Against the Imaginary Disharmony of the Spheres.—We need to once again clear out all this false grandeur from the world, as it goes against the fairness that everything around us deserves. For this reason, we shouldn't acknowledge or wish for the world to be more disharmonious than it actually is!

5.

Be Thankful!—The most important result of the past efforts of humanity is that we need no longer go about in continual fear of wild beasts, barbarians, gods, and our own dreams.

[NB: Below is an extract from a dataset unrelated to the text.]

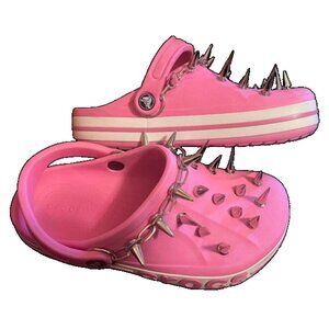 PRICE Punk Rock Goth BAYABAND CLOG CROCS with spikes. Pink and white, size 8.

Be Grateful!—The biggest outcome of humanity's past efforts is that we no longer have to live in constant fear of wild animals, savages, deities, and our own nightmares.

6.

The Juggler and his Counterpart.—That which is wonderful in science is contrary to that [pg 013] which is wonderful in the art of the juggler. For the latter would wish to make us believe that we see a very simple causality, where, in reality, an exceedingly complex causality is in operation. Science, on the other hand, forces us to give up our belief in the simple causality exactly where everything looks so easily comprehensible and we are merely the victims of appearances. The simplest things are very “complicated”—we can never be sufficiently astonished at them!

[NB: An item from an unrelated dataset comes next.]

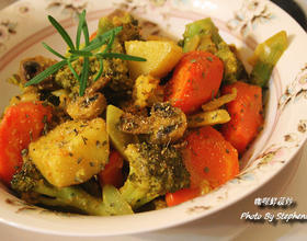 - 2. 锅中倒入约3大匙的橄榄油~爆香蒜片+洋葱丝~炒香后放进红萝卜翻炒出红萝卜素,再放进咖哩粉转小火拌炒....香味出来后放进洋菇,绿和白花椰,马铃薯块稍微翻炒一下倒进水和牛奶及适量的盐闷煮约15~20分钟!起锅后洒上适量的蒜粒粉和干燥欧芹即可完成!!

The Juggler and His Counterpart.—What's amazing in science contrasts with what’s amazing in the art of juggling. The juggler wants us to think we see a straightforward cause-and-effect relationship, while, in reality, there's a highly complex set of causes at play. On the other hand, science challenges us to abandon our belief in straightforward causality exactly when everything appears so easy to understand, and we’re simply fooled by appearances. The simplest things are very “complex”—we can never be amazed enough by them!

7.

Reconceiving Our Feeling of Space.—Is it real or imaginary things which have built up the greater proportion of man's happiness? It is certain, at all events, that the extent of the distance between the highest point of happiness and the lowest point of unhappiness has been established only with the help of imaginary things. As a consequence, this kind of a conception of space is always, under the influence of science, becoming smaller and smaller: in the same way as science has taught us, and is still teaching us, to look upon the earth as small—yea, to look upon the entire solar system as a mere point.

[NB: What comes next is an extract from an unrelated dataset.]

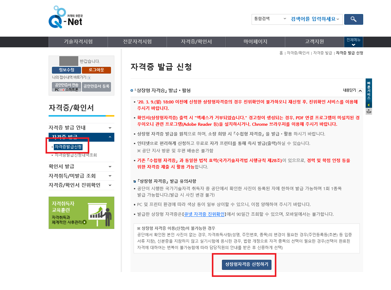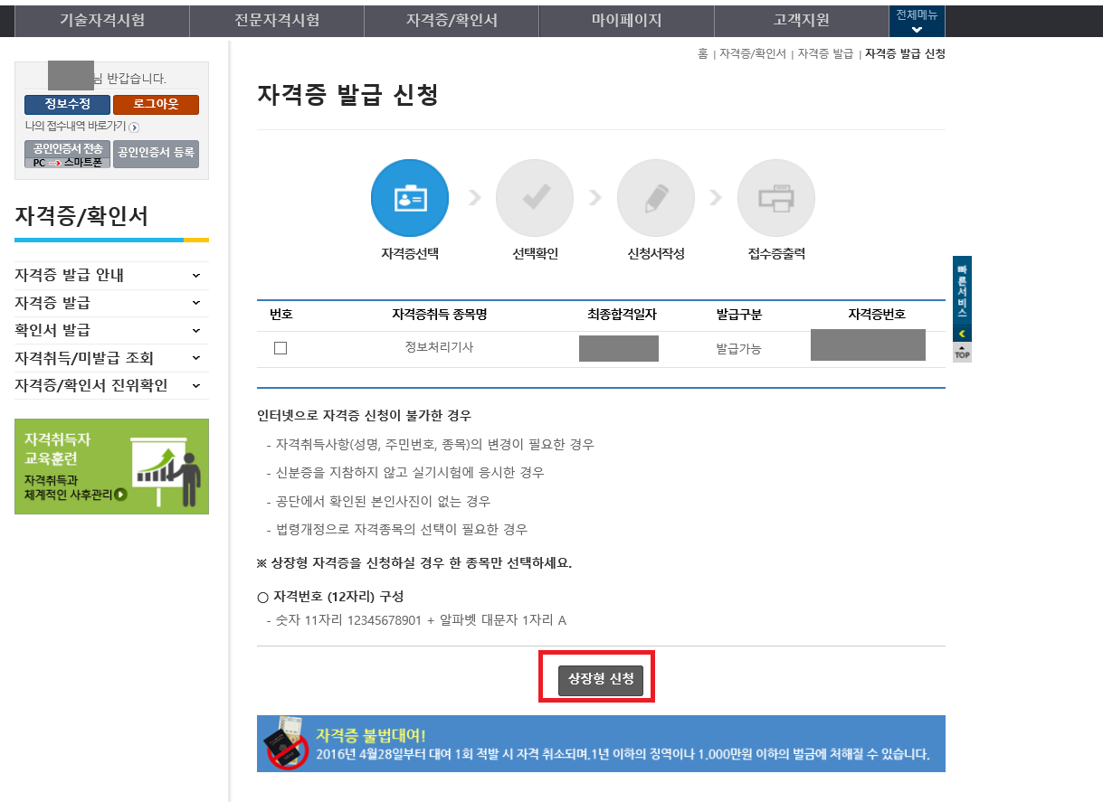 자격증 발급 신청 내역 개인 정보 및 개인 정보 확인 후 출력하기

Redefining Our Sense of Space.—Are it real or imaginary things that have contributed more to human happiness? It’s clear, at least, that the range between the highest level of happiness and the lowest level of unhappiness has only been defined through imaginary things. As a result, this way of understanding space is continuously shrinking under the influence of science, just as science has taught us—and continues to teach us—to see the earth as small, yes, to view the whole solar system as merely a tiny point.

8.

Transfiguration.—Perplexed sufferers, confused dreamers, the hysterically ecstatic—here we have the three classes into which Raphael divided mankind. We no longer consider the world in this [pg 014] light—and Raphael himself dare not do so: his own eyes would show him a new transfiguration.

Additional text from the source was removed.